What’s more, Waxman-Markey uses existing provisions of the Clean Air Act to drive emissions reductions. In Section 811, EPA is required to utilize Section 111 of the Clean Air Act to impose new source performance standards on certain sources emitting between 10,000 and 25,000 tons of GHG per year. Also, Section 821 explicitly preserves existing Clean Air Act authority for EPA to regulate GHG emissions from mobile sources. And to make matters worse, Section 705f(3)(C) instructs EPA to “develop strategies and approaches for achieving additional reductions” of GHG beyond those established in the act. One would bet the farm that EPA would use this authority to mandate any and all sources not covered under Waxman-Markey, even to invoke Clean Air Act authorities otherwise preempted by the bill.
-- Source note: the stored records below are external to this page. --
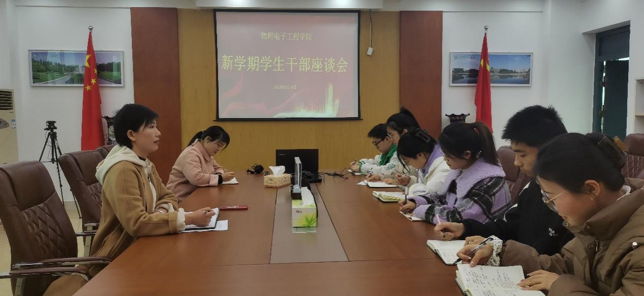为进一步了解青年学生的思想动态,充分发挥学生干部的带头作用,营造和谐向上的校园文化氛围。3月16日,我院于理科楼911会议室举行学生干部座谈会。党委副书记张丽,团委老师牛文娟,团委副书记李雪峰,学生会主席团成员参加此次会议。
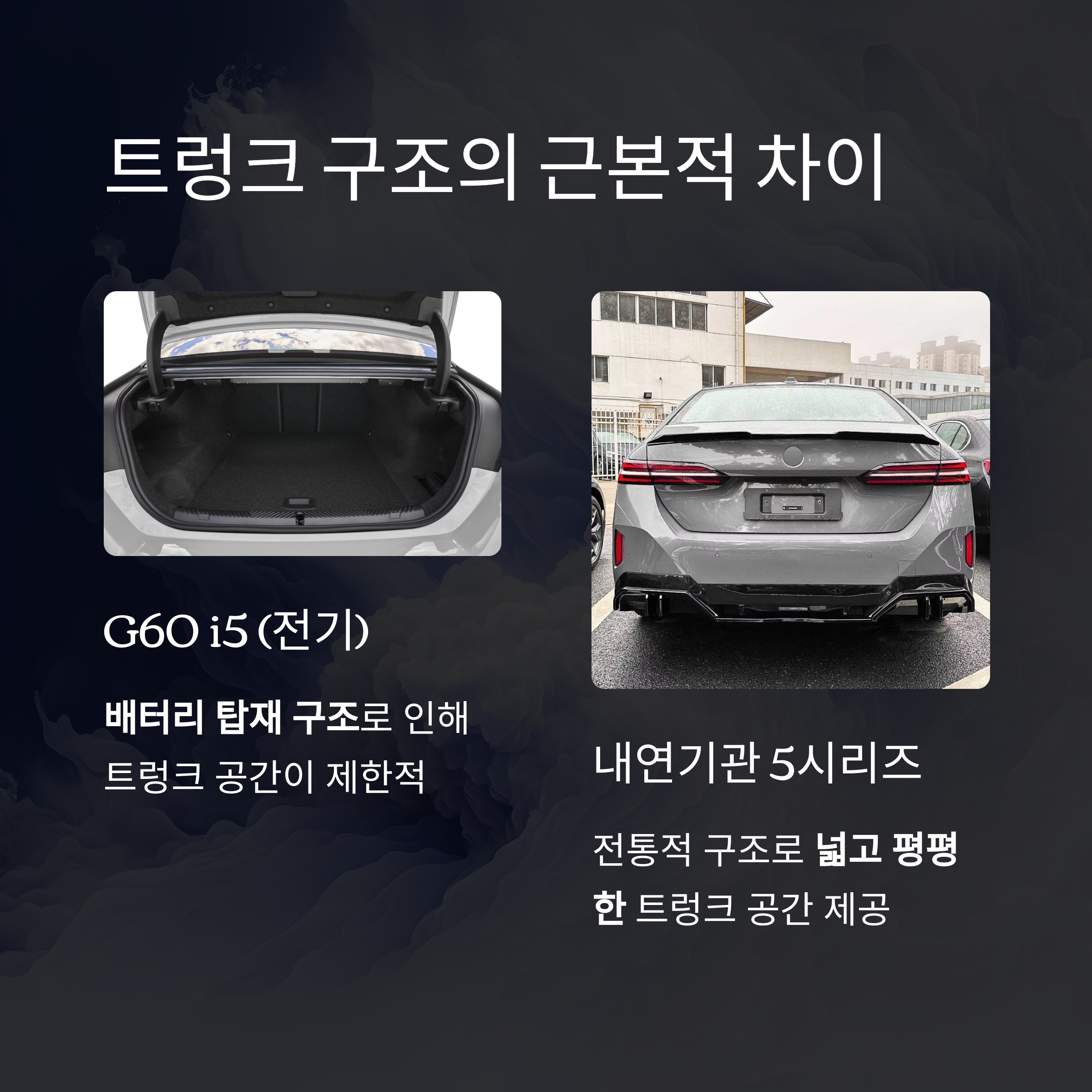 이번 글에서는 G60 i5와 내연기관 5시리즈의 트렁크에
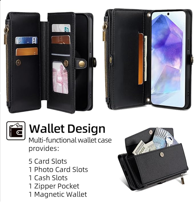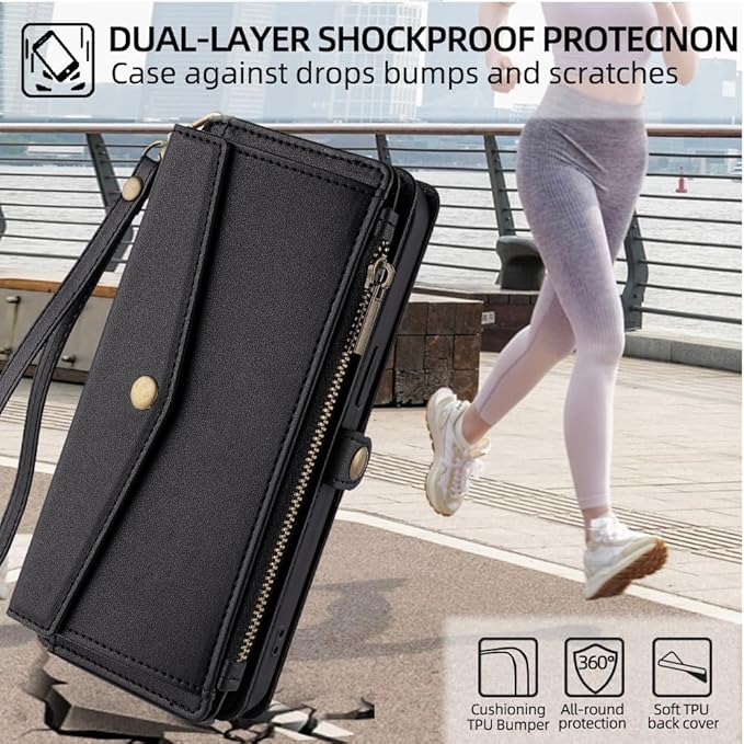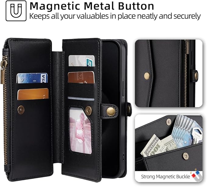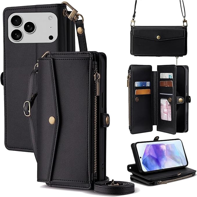 for iPhone 17 Pro Max ケース 財布型 for iPhone 17プロ マックス 手帳型 ショルダー ストラップ長+短2本 5枚カード収納 1枚の写真収納スタンド機能 1枚の現金収納 1つのジッパーポケット 防落・防コケ・防ひび PUレザー プレゼント COCOCLOUD ブラック01
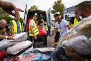 Bilal El Maadioui curtomer service van moer. En man voor ambulance die hem zelf gaat rijden naar M: Billy Jaffal - vrijwilliger de ambulance brengen. Ilham Zahi vrouw met witte hoofddoek en blauwe blousse aan de tassen. Was hier als eerste met nog maar 4 vrijwilligers.
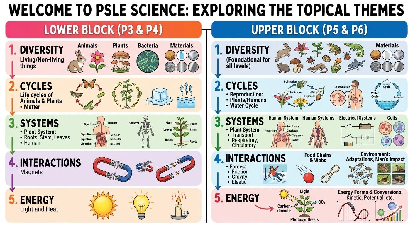 Your child’s entire PSLE Science content is here. The syllabus progresses from Lower Block (P3/P4) to Upper Block (P5/P6) across 5 numbered, interconnected themes that build in complexity:
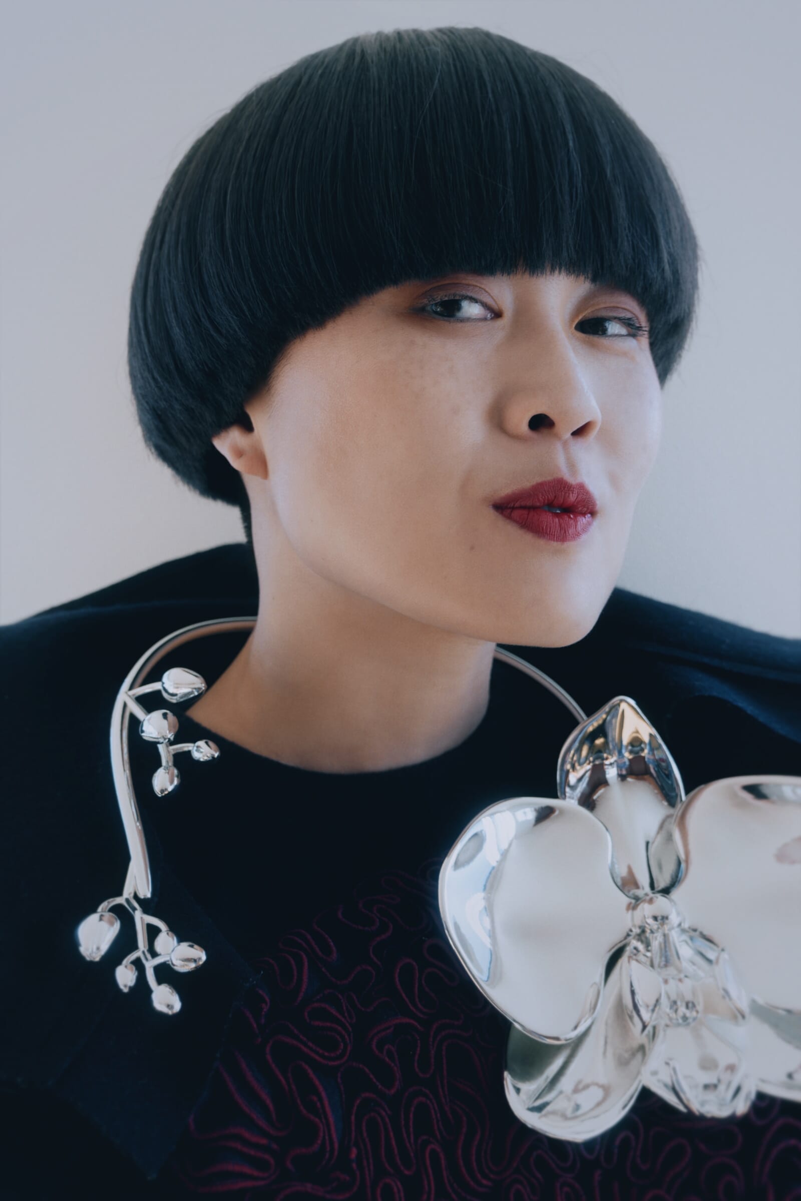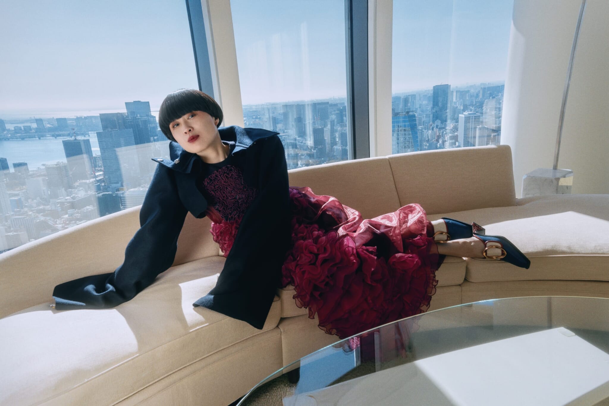 The comedian Atsuko Okatsuka is artfully sprawled across a sofa in the largest suite at the Andaz Tokyo Toranomon Hills, clad in a cascade of deep plum-colored tulle, an ornate silver neck piece and an architectural jacket. Light streams in from the floor-to-ceiling windows, illuminating her freckled skin as a photographer rapidly clicks away. The whole room is rapt, watching her ease with the camera, until Okatsuka suddenly raises her arms, swathed in voluminous black sleeves that cover her hands, and takes stock of her own pose. “It’s giving dead seal washed up on shore,” she gleefully proclaims.
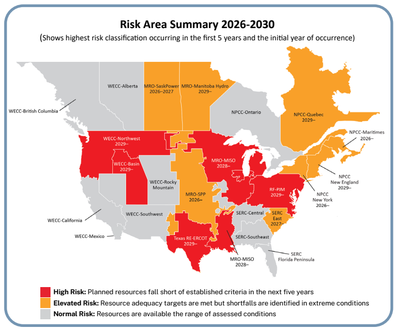 Especially dire is the outlook for 2029 and 2030. The LTRA assesses that the MISO (Midwest) region, PJM (mainly Mid-Atlantic but also parts of the Midwest and South), and West and Northwest regions of the U.S. are all at “high risk” for 2029 and 2030. NERC says that in high-risk areas, “planned resources as of July 2025 would result in energy shortfalls that exceed resource adequacy targets or baseline criteria for unserved energy or loss of load.”
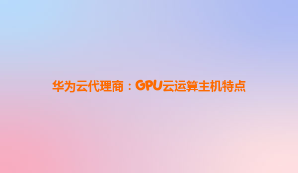 华为云代理商:GPU云运算主机特点详解
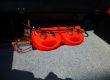 Keine Lust mehr auf Luftmatratze? Wir hätten da eine Alternative für den Sommer 2015: Susi ist ein flottes Sportboot, gebaut von der renommierten Bootswerft Hille, gegründet 1948 in Deutschland. Hille hat auch alle Begleitboote für die Olympischen Sommerspiele 1976 in München gebaut. Das Modell „Malibu 450" ist ein absoluter Klassiker, der noch heute gebaut und verkauft wird: 4,50 lang und 1,88 breit, ausgeliefert am 15.3.1975 in der schicken zweifarbigen Zeit typischen Lackierung Porsche Blutorange und Weiß! Das Boot wurde von einem Liebhaber liebevoll restauriert und mit einem neuen hellgrauen Bootsteppich und einer schicken Polsterung in RIVA Türkis mit orangefarbenen Kedern versehen. Es sind Back to Back Sitze verbaut, die ganz einfach zu einer Liegefläche umgeklappt werden können. Das Boot liegt auf einem speziell angefertigten Trailer der Firma Preugschat, von dem es bequem mittels einer Winde zu Wasser gelassen werden kann. Der Anhänger hat eine Zulassung für 100 km/h, so dass man das Boot auch "auf große Fahrt" in Richtung Gardasee, Mittelmeer oder Nordsee mitnehmen kann.
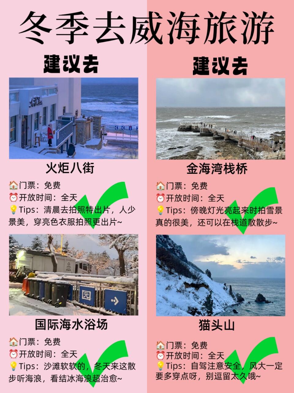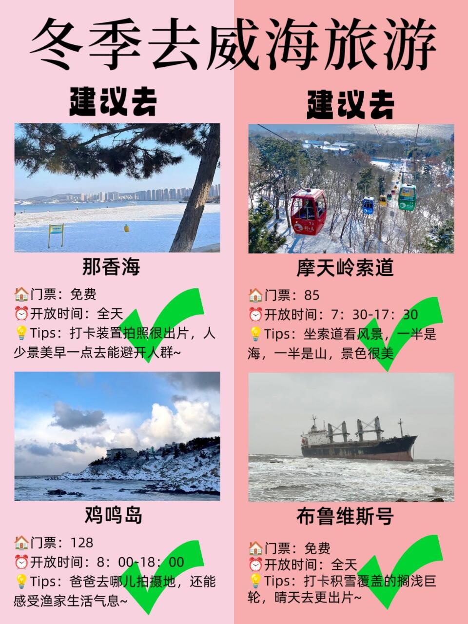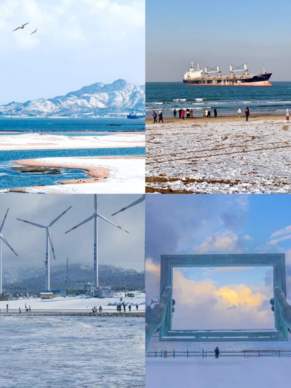 宝子们,冬天的威海真的太美啦!一下车冻的我们直哆嗦🥶,一定要多穿点,防风羽绒服、厚围巾🧣、护耳帽都准备好,雪地靴选防水防滑的,不然结冰路面走路容易摔倒~
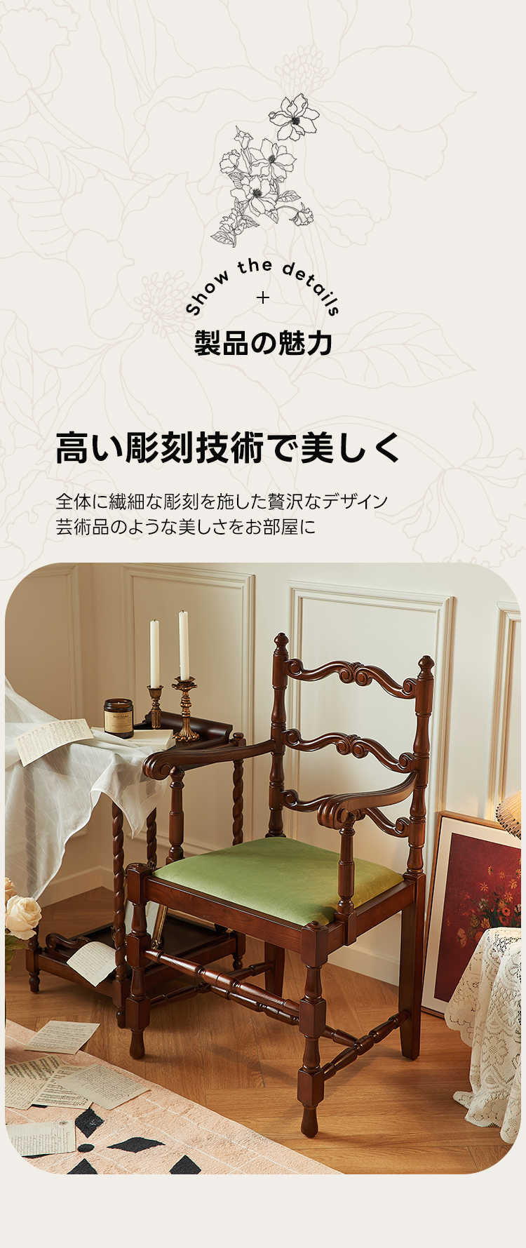 - 【クラシックなデザインと現代の快適さ】:ヨーロピアンヴィンテージチェアは、クラシックなデザインに現代の快適さを融合させた逸品です。ヴィンテージ感漂うデザインが、どんなインテリアにも優雅に溶け込みます。

Beyond the Clean Air Act, the bill only temporarily preempts state cap-and-trade regimes. Section 861 says that “no state or political subdivision thereof” shall implement a cap-and-trade system between 2012 and 2017. This explicitly leaves open the possibility of states pursuing cap-and-trade after 2017, and clearly does not preempt regional cap-and-trade programs at any time. And Section 861 explicitly preserves “any other standard, regulation, or program” to reduce GHG at the state level.
These provisions offer a hard lesson for those hawking Waxman-Markey as the trump card for endangerment, or as a “comprehensive” solution to global warming. No one doubts that the endangerment finding will lead to a regulatory miasma. And Waxman-Markey will do nothing to stop it.